- Joined
- Jun 27, 2017
- Professional Status
- Certified General Appraiser
- State
- California
“Why ‘Good Enough’ Is the Enemy of Professional Appraisal”
One thing I’ve learned after decades in appraisal is this:the best appraisers are not the fastest, and they are not the cheapest — they are the most consistent.
The ones who really stand out have rigid internal standards. They do not decide how carefully to measure based on the fee, the client, or how tired they are that day. They decide once — long ago — and then they simply execute.
That is exactly how I work.
My measurements are always taken in engineering units to 1/100 of a foot, using ANSI or equivalent standards. When possible, BOMA. When BOMA isn’t feasible — and in many large office buildings it isn’t — I still measure as rigorously as access allows.
I never “drop precision” because the job is small.
I never say “this one doesn’t need it.”
Why? Because the moment you allow yourself to switch modes, you lose discipline.
Here is what many appraisers do instead:
They treat measurement like a cost to be minimized.
So they round.
They eyeball.
They use fractions when decimals are faster.
They accept floor plans that don’t close.
They treat dimensional conflicts as nuisances instead of warnings.

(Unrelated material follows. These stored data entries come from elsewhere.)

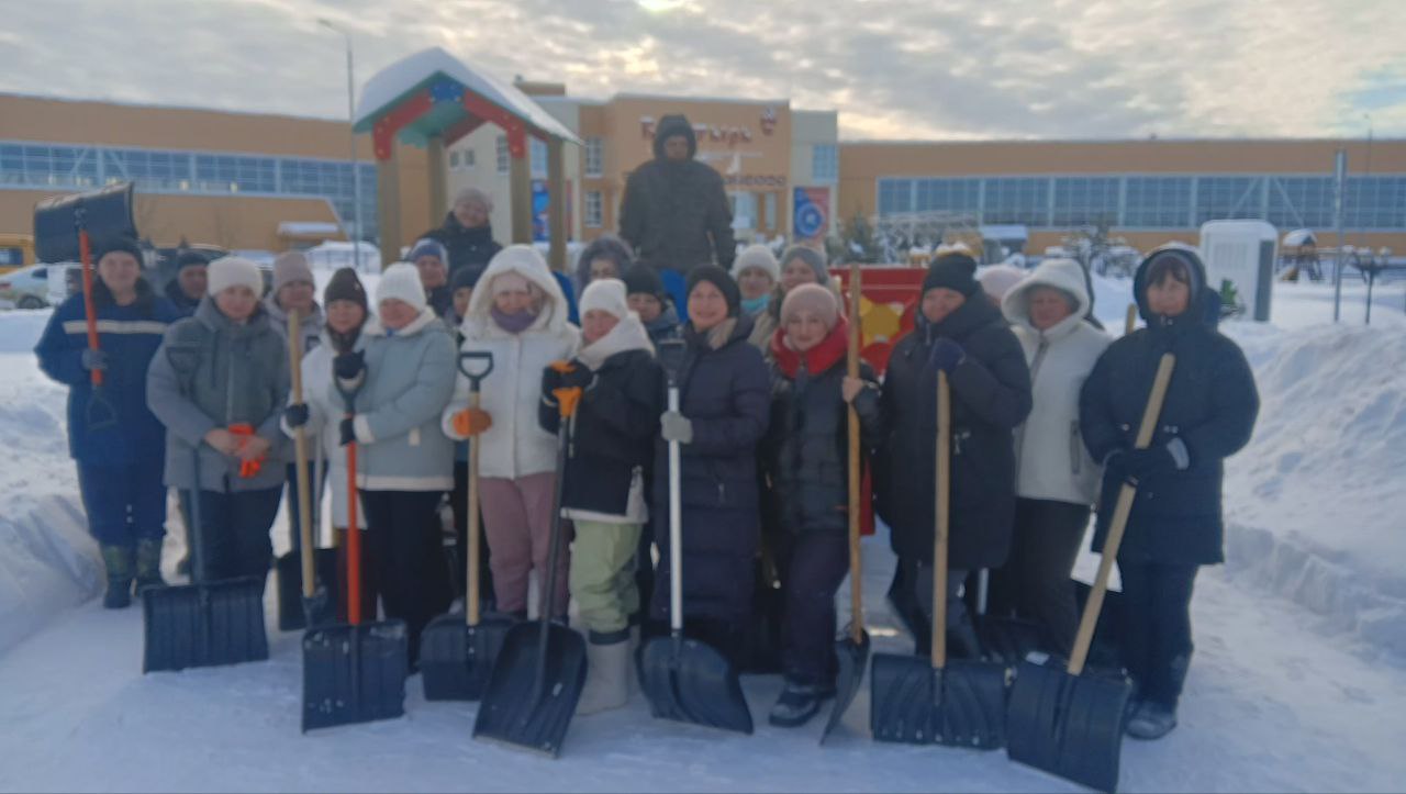 ГБУ "КЦСОН Краснобаковского муниципального округа" приняли участие в субботнике по очистке снега на территории парка Юных Богатырей и детской площадке в рамках проекта "Чистый округ"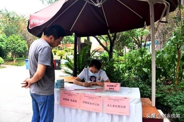 君鼎江上物业工作人员对出入小区居民进行登记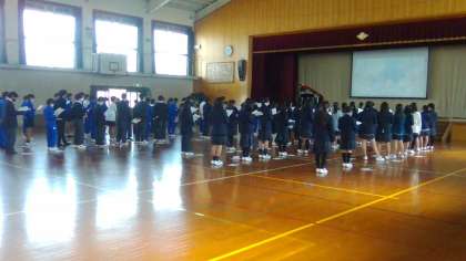 来週水曜日にある、”3年生を送る会”に向けて、各学年、練習を重ねています。今日は1年生が体育館で練習していました。本番まであと1週間。1・2年生は3年生に感謝の気持ちを伝えられて、3年生が気持ちよく卒業できるような会になるように、頑張りましょう。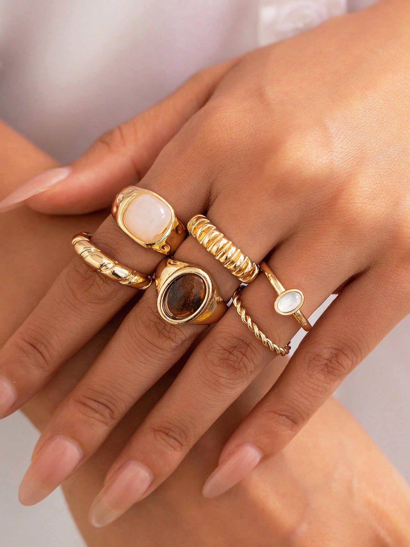 6pcs/Set Boho Retro Multilayer Glass Rhinestone Embellished Rings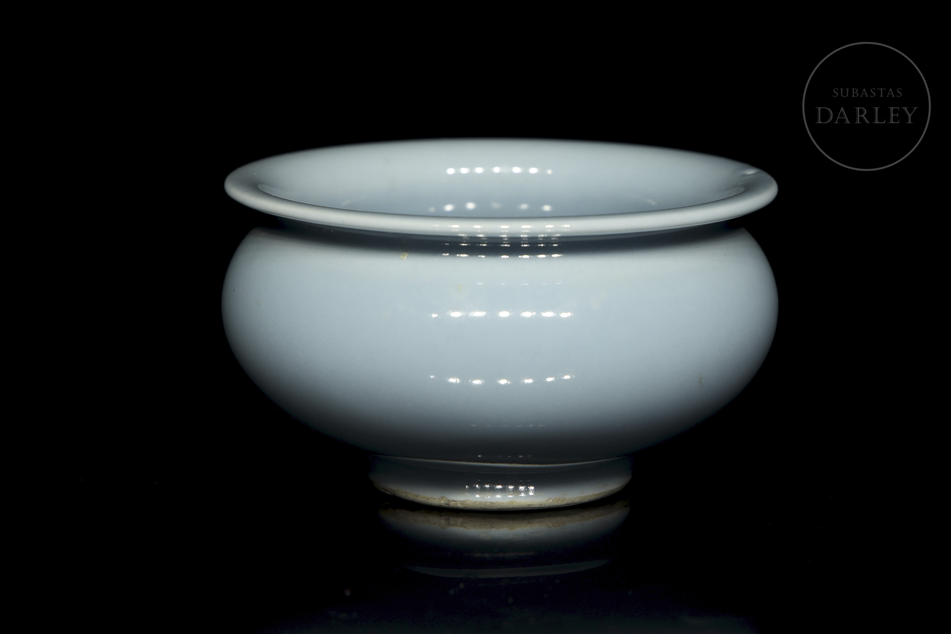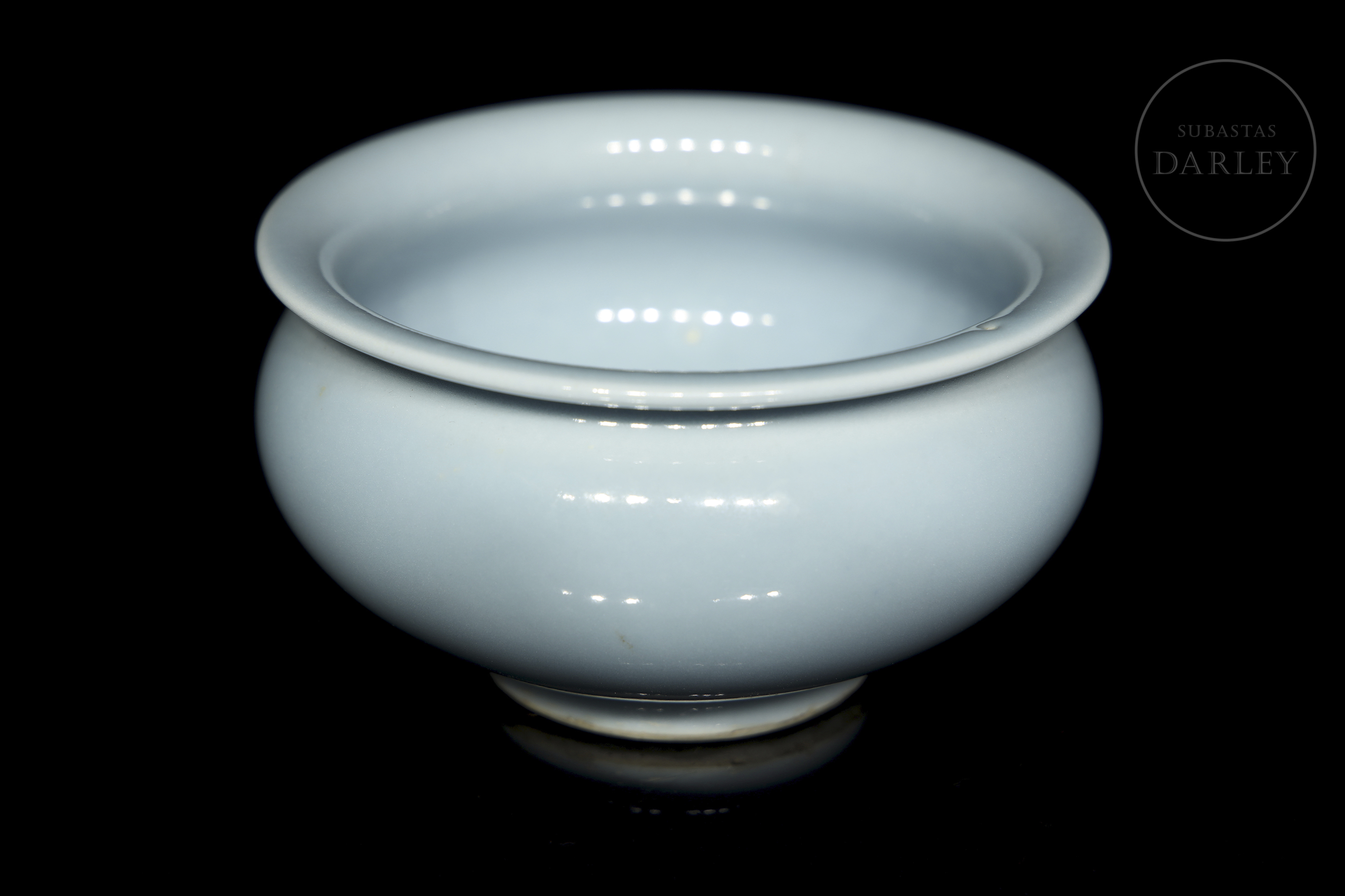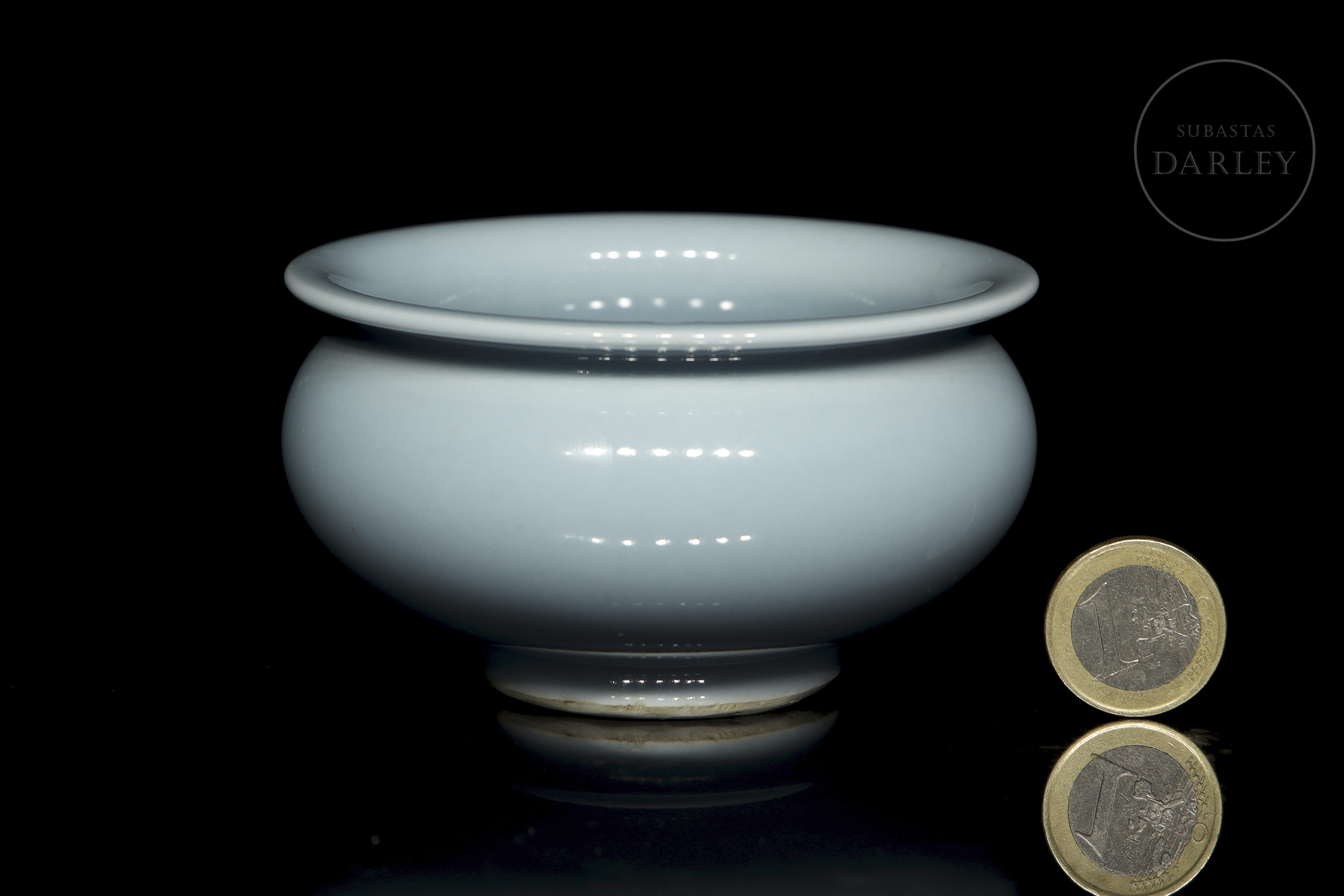 Small porcelain bowl with a globular body and wide mouth with a slightly everted lip, covered with a uniform pale blue glaze. On the base, there is a mark made in blue underglaze.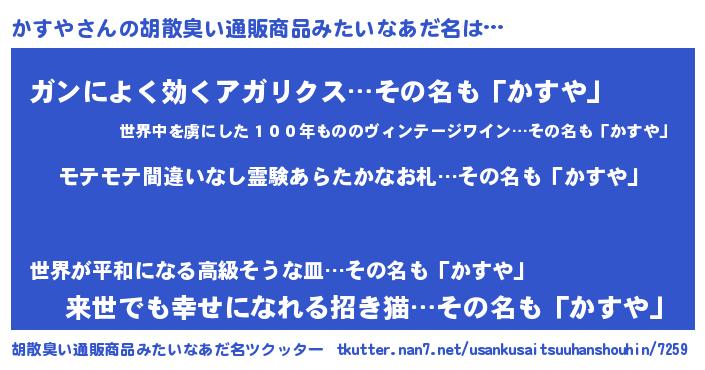| 男性向けラノベタイトル風あだ名 | 『かすやの憂鬱』『緋弾のカスヤ』 |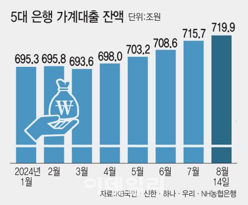 은행들의 ‘인위적 조정’에도 가계대출 증가세는 꺾일 기미를 보이지 않고 있다. 5대 은행의 가계대출 잔액은 14일 기준 719조9178억원으로, 이달 들어 채 보름도 지나지 않아 4조1795억원 더 불었다.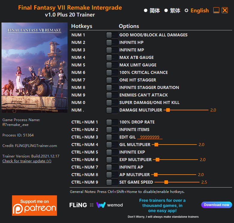 파판7 트레이너 옵션 설명 (단축키 비활성/활성화 - Ctrl+Shift+Home)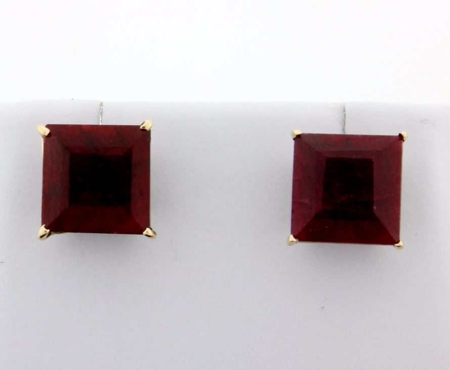In 14K yellow gold, they contains 9mm square rubies with beautiful colors. They have 14K friction backs. 2.2g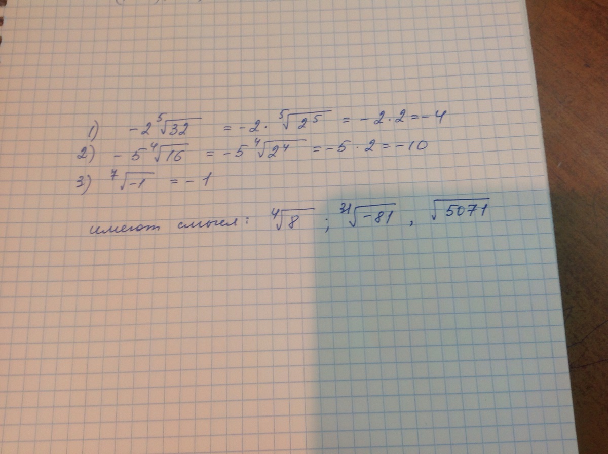 ![1) -2 sqrt[5]{32}; 2) -5 sqrt[4]{16}; 3) sqrt[7]{-1} 1) -2 sqrt[5]{32}; 2) -5 sqrt[4]{16}; 3) sqrt[7]{-1}](https://tex.z-dn.net/?f=1%29+-2+sqrt%5B5%5D%7B32%7D%3B++2%29+-5+sqrt%5B4%5D%7B16%7D%3B+3%29++sqrt%5B7%5D%7B-1%7D+)

That is not efficiency — that is drift.
Let me be blunt:
there is almost no difference in effort between writing 12′-3″ and writing 12.25′.
There is almost no time difference between setting your laser to 0.1 ft and 0.01 ft.
There is absolutely no excuse for creating floor plans that don’t reconcile.
But there is a massive difference in what you get back.
When you always measure to 1/100 ft and always build your floor plans to that precision, something remarkable happens:
the building starts talking to you.
Walls line up — or they don’t.
Rooms add up — or they don’t.
Shapes close — or they don’t.
And when they don’t, that is not a drafting problem.
That is the building telling you something about movement, racking, additions, poor framing, or settlement.
Low-precision methods hide those signals.
High-precision methods reveal them.
And here is the part people miss:
High standards feel slow only when you are bad at them.
Once you do it the right way every time, it becomes faster than sloppy work. You no longer have to think. You no longer have to remember which corners you cut. You no longer have to reconcile contradictions you created yourself.
Your system just works.
That is why I refuse to “scale down” my methods for low-fee jobs.
I don’t run a fast version of myself and a careful version of myself.
I run one version.
And it is always the best one.
I would be interested to hear from others who operate the same way —
who believe that real efficiency comes not from lowering standards, but from raising them so high that excellence becomes automatic.
I wonder if any others have the same attitude: Take the high road, always do the more accurate, athough more difficult, way until you become so proficient at it, it becomes easy under the adage "Practice makes perfect."